Gold and stocks are falling together. That's the real signal.

Transcript

Tom Gold and stocks are falling together — and that's not a rotation, it's a liquidation. I'm Tom, and this is Investment Flash New York Edition.

Marie And I'm Marie, with Gerald. It's Tuesday, June twenty-third. Big moves overnight: gold tumbling, tech futures selling off, but also a quantum catalyst from D.C. that nobody's talking about.

Gerald Yeah, and a bubble model flashing red. Lively morning ahead.

Tom Gerald, yesterday you were selling the UK ETF — with the dollar flexing again, that call is looking sharp this morning.

Gerald To be fair, the pound is just weak across the board. But Tom, you were buying Nvidia — how's that looking with Nasdaq futures down two and a half percent?

Tom Hey, it's a long-term hold. Semis are still partying, we're just nursing a hangover.
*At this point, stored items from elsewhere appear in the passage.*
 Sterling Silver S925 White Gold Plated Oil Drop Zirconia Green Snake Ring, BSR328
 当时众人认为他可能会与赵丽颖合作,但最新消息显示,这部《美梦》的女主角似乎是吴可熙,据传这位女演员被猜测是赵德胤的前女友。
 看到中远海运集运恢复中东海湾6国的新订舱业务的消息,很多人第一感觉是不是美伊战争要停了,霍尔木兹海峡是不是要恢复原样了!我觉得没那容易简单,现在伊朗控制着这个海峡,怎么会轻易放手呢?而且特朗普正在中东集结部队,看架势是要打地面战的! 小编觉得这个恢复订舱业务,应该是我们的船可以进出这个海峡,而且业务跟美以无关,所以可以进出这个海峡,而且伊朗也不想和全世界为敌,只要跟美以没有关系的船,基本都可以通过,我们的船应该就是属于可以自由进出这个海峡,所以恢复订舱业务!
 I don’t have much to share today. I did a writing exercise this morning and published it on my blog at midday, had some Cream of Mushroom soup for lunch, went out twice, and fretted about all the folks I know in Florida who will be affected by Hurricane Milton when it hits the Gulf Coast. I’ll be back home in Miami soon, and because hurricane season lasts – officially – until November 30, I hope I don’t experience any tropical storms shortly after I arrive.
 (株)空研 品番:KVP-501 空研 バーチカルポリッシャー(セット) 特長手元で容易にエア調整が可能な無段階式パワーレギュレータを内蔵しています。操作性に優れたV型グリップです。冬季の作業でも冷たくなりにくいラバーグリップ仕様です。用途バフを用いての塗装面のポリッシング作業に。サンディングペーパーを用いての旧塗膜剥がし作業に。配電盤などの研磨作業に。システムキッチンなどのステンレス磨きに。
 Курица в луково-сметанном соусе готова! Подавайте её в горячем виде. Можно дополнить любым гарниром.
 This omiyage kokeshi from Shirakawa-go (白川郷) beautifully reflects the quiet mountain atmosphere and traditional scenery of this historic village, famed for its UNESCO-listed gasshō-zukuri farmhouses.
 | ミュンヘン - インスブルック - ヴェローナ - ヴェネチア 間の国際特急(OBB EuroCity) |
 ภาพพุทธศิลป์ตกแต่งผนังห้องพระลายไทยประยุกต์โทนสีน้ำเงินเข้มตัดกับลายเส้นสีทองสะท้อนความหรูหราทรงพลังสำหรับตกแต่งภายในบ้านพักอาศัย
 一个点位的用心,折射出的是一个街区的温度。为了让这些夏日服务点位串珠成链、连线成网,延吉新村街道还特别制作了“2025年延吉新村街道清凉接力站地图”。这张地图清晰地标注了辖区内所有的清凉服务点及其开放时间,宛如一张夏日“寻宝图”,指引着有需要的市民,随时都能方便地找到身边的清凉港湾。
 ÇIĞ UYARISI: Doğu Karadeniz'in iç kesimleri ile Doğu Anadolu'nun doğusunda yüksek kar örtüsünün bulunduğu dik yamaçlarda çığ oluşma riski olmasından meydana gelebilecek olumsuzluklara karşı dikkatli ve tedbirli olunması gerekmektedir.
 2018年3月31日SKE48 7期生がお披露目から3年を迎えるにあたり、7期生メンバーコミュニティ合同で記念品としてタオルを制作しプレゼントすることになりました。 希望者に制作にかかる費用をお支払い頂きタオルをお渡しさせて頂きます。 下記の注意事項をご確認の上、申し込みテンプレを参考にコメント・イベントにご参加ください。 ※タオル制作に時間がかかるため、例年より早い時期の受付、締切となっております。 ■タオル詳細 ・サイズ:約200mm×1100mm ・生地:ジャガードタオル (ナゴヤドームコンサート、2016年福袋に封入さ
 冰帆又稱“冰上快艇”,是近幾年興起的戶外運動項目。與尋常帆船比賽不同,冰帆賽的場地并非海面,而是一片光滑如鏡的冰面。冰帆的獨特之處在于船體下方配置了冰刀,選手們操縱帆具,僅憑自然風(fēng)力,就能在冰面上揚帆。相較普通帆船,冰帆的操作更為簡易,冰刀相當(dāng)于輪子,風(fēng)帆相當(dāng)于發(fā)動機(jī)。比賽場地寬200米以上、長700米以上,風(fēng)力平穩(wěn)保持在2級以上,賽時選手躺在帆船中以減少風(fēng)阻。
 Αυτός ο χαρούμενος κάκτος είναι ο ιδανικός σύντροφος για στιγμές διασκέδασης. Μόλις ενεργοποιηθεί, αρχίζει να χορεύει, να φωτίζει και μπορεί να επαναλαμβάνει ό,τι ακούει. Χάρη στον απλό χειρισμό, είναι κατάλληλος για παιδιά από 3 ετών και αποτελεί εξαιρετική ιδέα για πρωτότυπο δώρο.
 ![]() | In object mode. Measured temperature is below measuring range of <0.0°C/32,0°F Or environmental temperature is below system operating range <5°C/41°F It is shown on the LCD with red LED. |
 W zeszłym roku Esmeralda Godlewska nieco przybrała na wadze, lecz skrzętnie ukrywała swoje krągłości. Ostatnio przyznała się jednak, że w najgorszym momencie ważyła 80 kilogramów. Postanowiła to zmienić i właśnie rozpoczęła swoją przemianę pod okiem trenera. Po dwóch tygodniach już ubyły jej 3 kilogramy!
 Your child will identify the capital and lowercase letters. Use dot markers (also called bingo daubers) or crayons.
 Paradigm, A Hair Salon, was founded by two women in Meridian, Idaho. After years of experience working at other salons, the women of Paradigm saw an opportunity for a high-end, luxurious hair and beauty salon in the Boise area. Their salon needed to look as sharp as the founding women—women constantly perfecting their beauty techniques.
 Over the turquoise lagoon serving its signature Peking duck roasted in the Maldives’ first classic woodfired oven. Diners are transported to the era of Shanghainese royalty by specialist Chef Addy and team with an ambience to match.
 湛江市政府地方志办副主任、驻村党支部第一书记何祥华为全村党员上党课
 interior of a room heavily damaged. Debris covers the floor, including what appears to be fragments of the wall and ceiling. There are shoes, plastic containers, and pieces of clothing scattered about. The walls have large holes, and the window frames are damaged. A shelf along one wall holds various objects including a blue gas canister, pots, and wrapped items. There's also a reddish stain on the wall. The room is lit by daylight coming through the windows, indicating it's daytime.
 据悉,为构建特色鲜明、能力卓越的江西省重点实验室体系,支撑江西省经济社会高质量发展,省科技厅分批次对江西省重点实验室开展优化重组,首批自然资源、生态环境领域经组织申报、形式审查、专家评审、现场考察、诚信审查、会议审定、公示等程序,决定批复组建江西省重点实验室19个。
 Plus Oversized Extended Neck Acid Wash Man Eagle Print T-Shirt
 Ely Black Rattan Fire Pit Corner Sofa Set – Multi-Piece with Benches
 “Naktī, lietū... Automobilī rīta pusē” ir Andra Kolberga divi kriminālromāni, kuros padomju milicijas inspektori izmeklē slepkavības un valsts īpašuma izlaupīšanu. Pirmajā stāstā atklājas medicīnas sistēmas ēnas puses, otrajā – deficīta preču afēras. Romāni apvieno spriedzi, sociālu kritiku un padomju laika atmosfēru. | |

But let's get into the first signal: gold below forty-two hundred, silver down five percent.

Marie Bloomberg and the Journal both cite dollar strength and inflation fears overpowering peace talks. Sell the gold ETF, sell the silver ETF, buy the US dollar ETF — the momentum is clearly down.

Gerald Look, after a two-thousand-five-hundred-percent one-year surge, this pullback looks more like profit-taking than a regime change. But if gold breaks below four thousand, CTAs unwind crowded longs and it gets ugly.

Tom Right, so sell gold, sell silver, buy the dollar. But this isn't isolated — it's hitting tech hard, and the macro is connected.

Marie Exactly. Nasdaq 100 futures down two and a half percent, Korea's Kospi plunging ten percent from its record. That twenty-thousand-percent one-year run in Korea was a classic blow-off top.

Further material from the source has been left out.